As the pandemic hit last year, the church I serve, St. Andrew/San Andres in West Chicago, we saw how our (largely Latinx community) was adversely impacted, and it moved us outward and compelled us to start drive thru food distributions every Saturday. Thanks to many partnerships, including our neighboring Lutheran churches, we are able to share food and resources with over 300 families a week.
The prophet Isaiah gets to this point about fasting being about looking beyond ourselves to focus on others when he says (in chapter 58): “Is not this the fast that I choose: to loose the bonds of injustice, to undo the thongs of the yoke, to let the oppressed go free, and to break every yoke? Is it not to share your bread with the hungry, and bring the homeless poor into your house; when you see the naked, to cover them, and not to hide yourself from your own kin?”
The prophet is warning that if your fast hasn’t changed you and how you treat others then you’re doing it wrong. It starts with contrition, with emptying yourself. It starts with ash on our brows and remembering we are dust.

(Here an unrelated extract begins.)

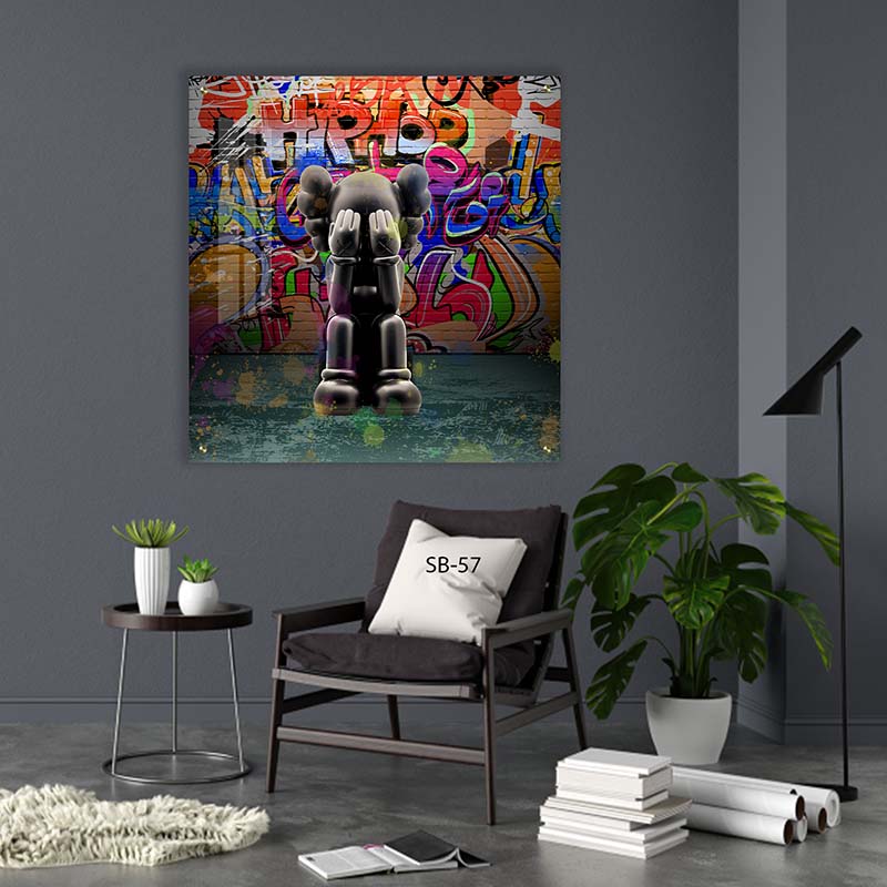 תמונת זכוכית זו מציגה דמות בובה שחורה יושבת, המכסה את פניה בסגנון פופ ארט ייחודי, המונחת על רקע גרפיטי צבעוני וקיר לבנים. השילוב המרהיב בין הצבעוניות של הגרפיטי לבין הבובה השחורה מדגיש את הניגוד והקונטרסט תוך יצירת קומפוזיציה שמושכת את העין. תמונות זכוכית לסלון בסגנון זה מביאות עיצוב מודרני וחי לנושא האמנות הפופולרית ומעניקות תחושה דינמית ומיוחדת שמעניקה עומק ועניין לכל חלל. ההדפסה על זכוכית מדויקת וברורה, והופכת כל תמונה על זכוכית לפסל אמנות מרהיב שמוסיף צבע וחיים לקיר הבית.

It starts by acknowledging our own complicity in systems of injustice. In systems that calls essential workers heroes yet refuses to pay them a living wage. And as a white person it means acknowledging my complicity in systemic racism.
Isaiah concludes that the result of the fast is that: “Then you shall call, and the Lord will answer; you shall cry for help, and he will say, Here I am.”
“Then your light shall rise in the darkness and your gloom be like the noonday.”
“and you shall be like a watered garden, like a spring of water, whose waters never fail.”
This is the kin-dom of God breaking through. This is the restoration of things to the harmony and goodness God intended in creation.
So beloved, as we fast, may we remember that we are not immortal, that we are fragile, and therefore dependent on God.
May this wilderness time help us grow in our faith and may it move us outward.
May our fasting bring us closer to God. And then like Pi, we can’t help but to declare:
God, I give myself to you. I am your vessel. Whatever comes, I want to know, show me.